We were also able to quantify the separate associations between several phoneme categories, and round and spiky shapes. One notable observation is that bilabial consonants have an association with round shapes, independent of the manner of articulation (see also D’Onofrio, 2014). This explains the association between /b/ and round shapes observed throughout the literature (e.g., Westbury et al., 2018), which is much stronger than that of other voiced stops. In addition, although vowel rounding and backness are often grouped together in the literature, by modelling them separately, we found that only vowel rounding was associated with round shapes. As noted earlier, there is an obvious kinesthetic/visual link between vowel rounding and round shapes. There is no such obvious link for vowel backness, which may explain its lack of an effect, and argue for a prominence of kinesthetic experience (vs. sound) in the maluma/takete effect.

It is also worth noting that no vowels were associated with spiky shapes. In case the effect would be stronger for /i/ than /eɪ/, we ran a supplementary exploratory analysis exploring the association of front vowels with spiky shapes when only including front vowel nonwords that had /i/ in the first syllable (assuming that this would make /i/ more salient; see Klink & Wu, 2014). Even in this case, vowel backness was not a significant predictor of spikiness (p = .61). The discrepancy with existing literature may lie in the fact that many previous studies have used a decision anchored by both a round and a spiky shape, and compared front vowels with back rounded vowels (e.g., Sidhu & Pexman, 2017). Thus, front vowels may be dissociated with roundness when compared to back rounded vowels, but not associated with spikiness in and of themselves (see also Westbury et al., 2018).

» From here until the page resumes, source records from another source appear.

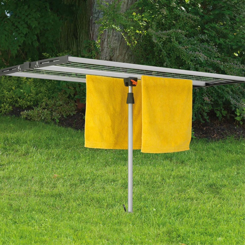 Potrivit pentru utilizare in interior cat si in exterior. Designul sau sofisticat se reflectă si in discretia sa: cand este pliat, ocupă doar cativa centimetri, ascunde funiile, protejandu-le de murdarie si praf. Datorita inaltimii si suportului reglabil, acesta se miscă literalmente in toate directiile, atat in interior, cat si in exterior, facilitand enorm agatarea rufelor. Fabricat din aluminiu si piese din plastic rezistente la intemperii asigura o capacitate de uscare de aproximativ 19 de metri.
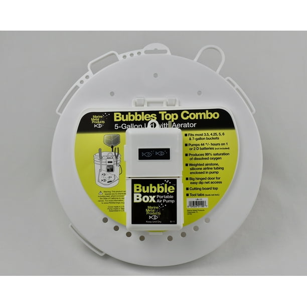 Bucket to keep bait alive longer. Universal 5 gallon lid with Bubble Box Aerator. Buy Marine Metal Products Bubbles Top Combo Aerator Lid LB-1 for 5 Gal.
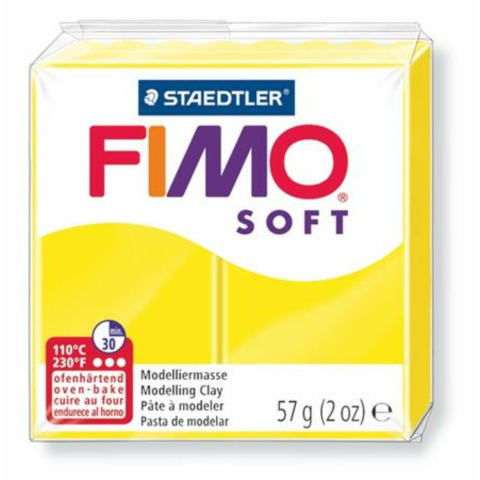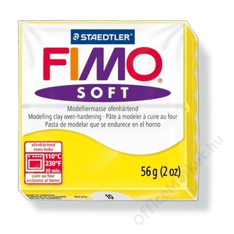 Gyurma, 57 g, égethető, FIMO Soft, citromsárga (FM802010) - kiégethető gyurma, 56 gramm - speciális alkalmazáshoz, technikákhoz - könnyen keverhető, FIMO Soft és Classic gyurmákkal is - puhítsa, amíg felveszi a kívánt formát - 8 éven felülieknek aj
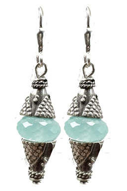 Balinese sterling silver cones around faceted chalcedony centers on sterling silver lever back earring fixtures.
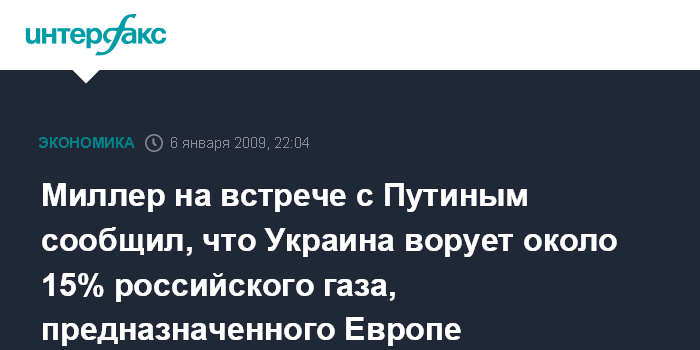Ново-Огарево. 6 января. ИНТЕРФАКС - По последней оперативной информации, Украина ворует около 15% российского газа, который подается на территорию Украины для западных стран, сообщил глава "Газпрома" Алексей Миллер на встрече с премьер-министром РФ Владимиром Путиным.
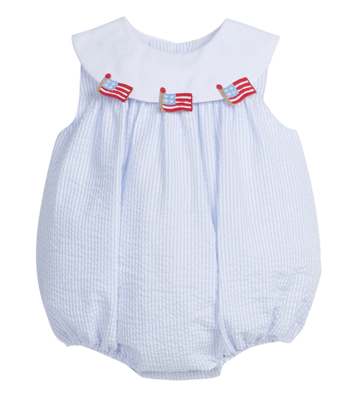 The traditional option for Fourth of July, the American Flag appliques pop against the light blue seersucker stripe. This sleeveless silhouette features a white bib collar trimmed with three American flag appliques. And big sister can perfectly match in the Bib Dress - Flags!

This further adds to the argument that associations with round and spiky shapes could depend on different mechanisms. Earlier we reviewed several studies in which there was a larger effect for round shapes than spiky ones. Tentatively, we might speculate that this is in part because round associations derive from both consonants and vowels, while spiky associations only derive from consonants.

There are several limitations to this study. One is that because we tested adults who are familiar with the visual appearance of phonemes’ articulations, we cannot rule out the possibility that participants relied on this knowledge even in the audio-only condition. It is also true that the nonwords used in this study were relatively simple (i.e., all CVCV), with consonants and vowels coming from the same category. One might argue that visual features would be relied upon more so for difficult-to-process linguistic stimuli. Indeed, work has shown that mouth movements can be used to process language in particularly difficult contexts (e.g., Krason et al., 2021).

In conclusion, the present study showed that highlighting visual features of articulation does not enhance the canonical maluma/takete effect. This suggests that the effect arises from a crossmodal matching between non-visual features of phonemes, and shapes. This suggests a tight link between linguistic and non-linguistic aspects of communication, a link that could have been exploited during language origin to develop language as a referential system (Perniss & Vigliocco, 2014), and can be used during language development and processing to ground properties of the communication to the properties of referents being talked about.